LONDON (Reuters) - Tesco (TSCO.L), Britain’s biggest grocery chain, has pulled dozens of Unilever (ULVR.L) (UNc.AS) brand products from its website after a disagreement over prices in the wake of a partly Brexit-driven slump in the British currency.
The dispute between two of Britain’s best-known companies shows how the UK’s decision to quit the European Union has exacerbated tensions between suppliers and retailers, which are battling for profits as consumers are increasingly savvy about their shopping.
Unilever has been trying to raise the prices it charges Britain’s big four supermarkets - Tesco, Sainsbury’s (SBRY.L), Asda (WMT.N) and Morrisons (MRW.L) - across a wide range of goods by about 10 percent, saying it needs to offset the higher cost of imported commodities, two people with knowledge of the situation told Reuters.
One person with knowledge of the situation at a big four grocer said they had protested against Unilever’s demands, noting that some of the products they wanted to charge more for are actually made in Britain.
“What’s really a problem is when a supplier like Unilever comes and asks for across the board cost increases and there’s no negotiation, there’s no discussion.
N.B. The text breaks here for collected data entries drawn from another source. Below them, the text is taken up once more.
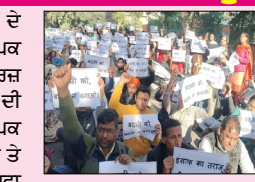
ਪੱਕਾਮੁੱਕੀ ਕੀਤੀ ਗਈ ਜਿਸ ਖ਼ਿਲਾਫ਼ ਅਧਿਆਪਕਾਂ ਨੇ ਰੋਸ ਪ੍ਰਗਟਾਇਆ। ਅਧਿਆਪਕ ਆਗੂਆਂ ਨੇ ਕਿਹਾ ਕਿ ਸ਼ਿਕਾਇਤ ਕਰਨ ਦੇ ਆਧਾਰ 'ਤੇ ਜਾਂਚ ਕਮੇਟੀ ਬਣਾਈ ਗਈ ਹੈ

ਚੰਡੀਗੜ੍ਹ, ਲੋਕ ਬਾਣੀ ਯੂਟੀ ਦੇ ਸਰਕਾਰੀ ਸਕੂਲਾਂ ਦੀ ਅਧਿਆਪਕ ਜਥੇਬੰਦੀ ਜੁਆਇੰਟ ਟੀਚਰਜ਼ ਐਸੋਸੀਏਸ਼ਨ ਦੇ ਚੇਅਰਮੈਨ ਦੀ ਬਦਲੀ ਖ਼ਿਲਾਫ਼ ਅੱਜ ਅਧਿਆਪਕ ਯੂਟੀ ਸਕੱਤਰੇਤ ਵਿੱਚ ਇਕੱਠੇ ਹੋਏ ਤੇ ਅਧਿਆਪਕ ਆਗੂ ਦੀ ਇਕਤਰਫਾ ਸ਼ਿਕਾਇਤ 'ਤੇ ਬਦਲੀ ਕਰਨ ਖ਼ਿਲਾਫ਼ ਰੋਸ ਪ੍ਰਗਟਾਇਆ। ਇਸ ਮੌਕੇ ਪ੍ਰਸ਼ਾਸਕ ਦੇ ਸਲਾਹਕਾਰ ਨੂੰ ਮੰਗ ਪੱਤਰ ਦੇਣ ਜਾਂਦੇ ਅਧਿਆਪਕਾਂ ਨਾਲ ਸਬੰਧਤ ਖੇਤਰ ਦੇ ਐਸਐੱਚਓ ਵੱਲੋਂ
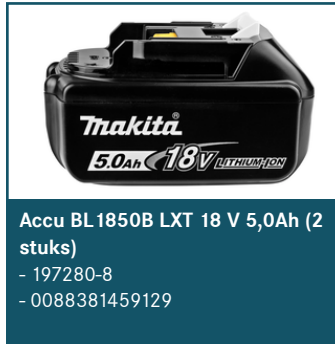
Accu BL 1850B LXT 18 V 5,0Ah (2 stuks) - 197280-8 - 0088381459129
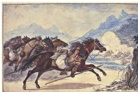
3. J.-B. Debret, Charge de cavalerie Guaicuru 1822 Aquarelle sur papier 17 x 26 cm Collection Musées Castro Maya Rio de Janeiro
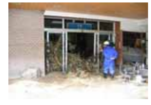
洪水により旅館玄関に押し寄せた土砂等
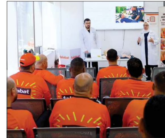
جانب من الورشة التدريبية في الإسعافات الأولية لسائقي التوصيل

في إطار حملة «الصف جمعنا» التي أطلقتها «طلبات» لدعم سائقي التوصيل، وانطلاقاً من التزام مستشفيات السلام المتواصل بتعزيز الصحة والسلامة المجتمعية، نظمت «طلبات» بالتعاون مع مستشفيات السلام ورشة تدريبية متخصصة في الإسعافات الأولية لسائقي التوصيل.
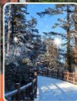
ภูเขาหวาอูซาน
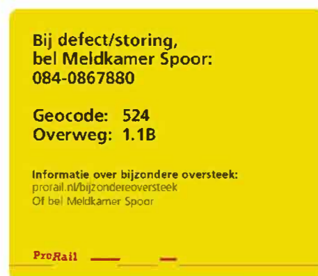
Figuur 4. Voorbeeld van sticker om overweggebruikers te informeren over een bijzondere oversteek

De inspectie verwacht ook van ProRail dat zij actiever gaat monitoren op bijzondere oversteken. De behandelde aanvragen voor een Bijzondere oversteek geven nog niet het beeld dat alle, vooral bijzondere wegtransporten, de procedure kennen. In het verleden deden zich meerdere ernstige incidenten voor met bijzondere wegtransporten. De inspectie verwacht dat deze transporten meerdere keren per jaar plaatsvinden. Daarbij zouden de overweggebruikers de procedure zeker moeten volgen. De inspectie denkt dat overweggebruikers dat niet altijd doen vanwege de minimale aanvraagperiode van 48 uur.
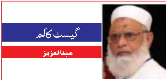
گیسٹ کالم عبدالعزیز

لیے کسی نبی اور کسی کتاب کی حاجت نہیں ہے اور اس دائرے میں جو معمولات مطلوب ہیں انہیں حاصل کرنے کے ذرائع انسان کو دے دیے گئے ہیں۔ دوسری قسم کی چیزیں وہ ہیں جو ہمارے حواس کی پہنچ سے بالاتر ہیں۔ جن کا ادراک ہم کسی طرح نہیں کر سکتے۔ جنہیں نہ متول سکتے ہیں، نہ ناپ سکتے ہیں، نہ اپنے علم کے ذرائع میں سے کوئی ذریعہ استعمال کر کے انہیں معلوم کر سکتے ہیں۔ فلسفی اور سائنس دان ان کے متعلق اگر کوئی رائے قائم کرتے ہیں تو وہ محض قیاس پر مبنی ہوتی ہے جسے عمل نہیں کہا جاسکتا۔ یہ آخری حقیقتیں (Ultimate Realities) ہیں جن کے بارے میں استدلالی نظریات کو خود وہ لوگ بھی یقینی قرار
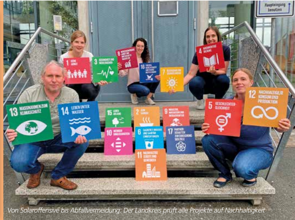
Von Solaroffensive bis Abfallvermeidung: Der Landkreis prüft alle Projekte auf Nachhaltigkeit

Auf einer neuen Homepage des Landkreises Fürth werden aktuelle Projekte zum Thema Nachhaltigkeit sowie die Entwicklungen bei der Nachhaltigkeitsstrategie ausführlich und informativ dargestellt. In diesem Bereich hat sich in den vergangenen Monaten sehr viel getan, denn nachhaltige Entwicklung ist eine zentrale Zukunftsaufgabe für den Landkreis Fürth.
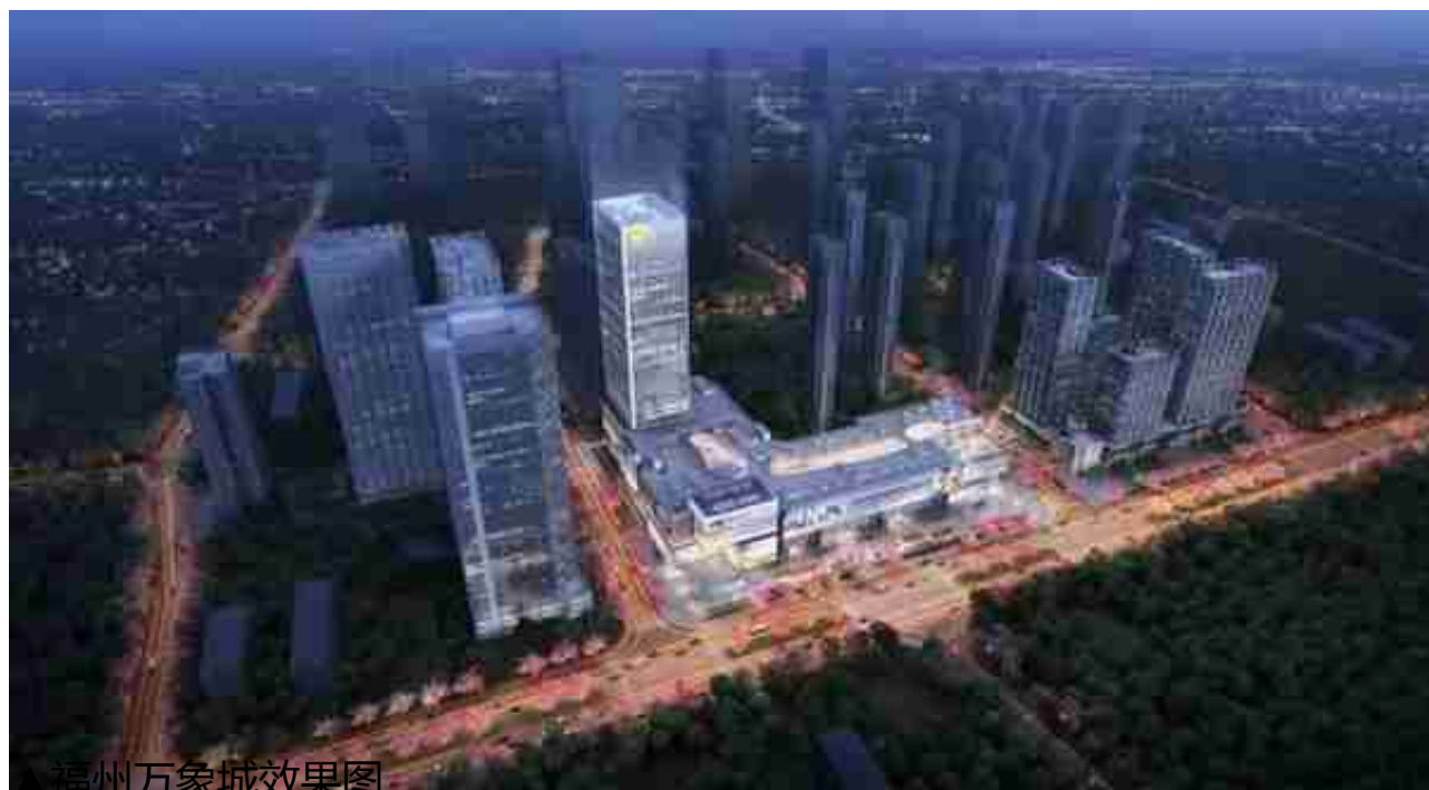
福州万象城效果图

持续锻造“中国商业运营管理第一品牌”的华润万象生活的做法是，缺啥补啥，用万象城给福州的高端商业补位填坑。

That’s been the approach that’s upset the grocers,” he said, adding that no decision had been made whether to accept Unilever’s demand or delist some products.
As of Wednesday evening, Unilever products - including Marmite spread, Ben & Jerry’s ice cream, Lynx body spray and PG tips tea - were unavailable on Tesco’s website, but the shortage had not yet affected stores, a Tesco spokesman said.
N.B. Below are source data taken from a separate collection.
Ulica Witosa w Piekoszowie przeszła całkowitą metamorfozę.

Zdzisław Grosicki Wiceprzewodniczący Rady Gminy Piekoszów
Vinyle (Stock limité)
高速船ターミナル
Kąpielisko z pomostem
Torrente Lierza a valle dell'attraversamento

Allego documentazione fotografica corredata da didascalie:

“We are currently experiencing availability issues on a number of Unilever products. We always work to ensure customers get the best possible prices and we hope to have this issue resolved soon,” he said.
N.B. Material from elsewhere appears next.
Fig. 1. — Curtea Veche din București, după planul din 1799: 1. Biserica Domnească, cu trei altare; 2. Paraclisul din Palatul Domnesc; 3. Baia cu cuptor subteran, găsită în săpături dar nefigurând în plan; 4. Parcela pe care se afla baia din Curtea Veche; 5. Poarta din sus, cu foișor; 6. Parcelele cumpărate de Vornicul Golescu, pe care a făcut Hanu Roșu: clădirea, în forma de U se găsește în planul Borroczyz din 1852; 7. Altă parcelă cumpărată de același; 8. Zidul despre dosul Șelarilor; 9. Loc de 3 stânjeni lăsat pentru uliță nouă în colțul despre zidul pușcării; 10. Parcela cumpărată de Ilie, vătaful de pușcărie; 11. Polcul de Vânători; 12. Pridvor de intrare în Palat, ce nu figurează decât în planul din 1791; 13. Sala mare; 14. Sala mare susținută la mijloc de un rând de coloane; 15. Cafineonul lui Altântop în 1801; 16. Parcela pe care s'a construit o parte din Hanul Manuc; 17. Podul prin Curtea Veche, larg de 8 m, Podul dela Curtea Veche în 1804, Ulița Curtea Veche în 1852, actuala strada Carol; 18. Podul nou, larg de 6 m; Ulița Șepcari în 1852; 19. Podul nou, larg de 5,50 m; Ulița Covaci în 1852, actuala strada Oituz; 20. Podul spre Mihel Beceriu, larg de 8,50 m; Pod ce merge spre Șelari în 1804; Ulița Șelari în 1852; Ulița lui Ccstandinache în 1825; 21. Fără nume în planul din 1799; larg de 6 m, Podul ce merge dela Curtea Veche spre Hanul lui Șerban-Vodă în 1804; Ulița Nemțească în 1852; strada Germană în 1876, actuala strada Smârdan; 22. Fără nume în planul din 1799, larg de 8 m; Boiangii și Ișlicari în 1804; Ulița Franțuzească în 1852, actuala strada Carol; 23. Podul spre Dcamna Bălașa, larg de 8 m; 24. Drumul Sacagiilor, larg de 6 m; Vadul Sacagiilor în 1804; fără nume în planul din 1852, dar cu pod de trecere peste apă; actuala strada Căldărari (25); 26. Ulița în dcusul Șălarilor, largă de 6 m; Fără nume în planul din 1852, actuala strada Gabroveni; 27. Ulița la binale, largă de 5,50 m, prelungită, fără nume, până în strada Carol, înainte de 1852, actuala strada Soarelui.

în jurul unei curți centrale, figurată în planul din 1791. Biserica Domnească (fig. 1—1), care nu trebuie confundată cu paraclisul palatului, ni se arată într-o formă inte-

A spokesman for Unilever, which will report financial results on Thursday, declined to comment.
Last week, Tesco boss Dave Lewis, a former senior Unilever executive, hailed a transformed relationship with suppliers as a major factor in the grocer reporting a 60 percent rise in first-half profit and the setting of tougher profitability targets. But he indicated it was not a given that suppliers should be able to recoup the cost of the falling pound as they had not always passed on benefits when sterling was much stronger.
Since Britain’s shock Brexit decision in June its currency has plunged almost 18 percent against the U.S. dollar.
Most analysts and economists believe that sterling’s slump will lead to higher grocery prices, following years of deflation due to a price war between the big chains.
However, last month Mike Coupe, CEO of Sainsbury’s (SBRY.L), Britain’s No. 2 supermarket, said the currency’s depreciation would not necessarily lead to higher grocery prices, as it could be offset by lower commodities prices and stiff competition.
Three-quarters of British food manufacturers said they have seen an increase in the price of imported ingredients, according to a survey published earlier on Wednesday.
The average price for a basket of 35 commonly bought goods cost 83.19 pounds ($103.45) in September, according to price tracker mySupermarket.co.uk, up 57 pence from May, the month before the referendum.
Sainsbury’s and Morrisons declined to comment. Asda could not be immediately reached for comment.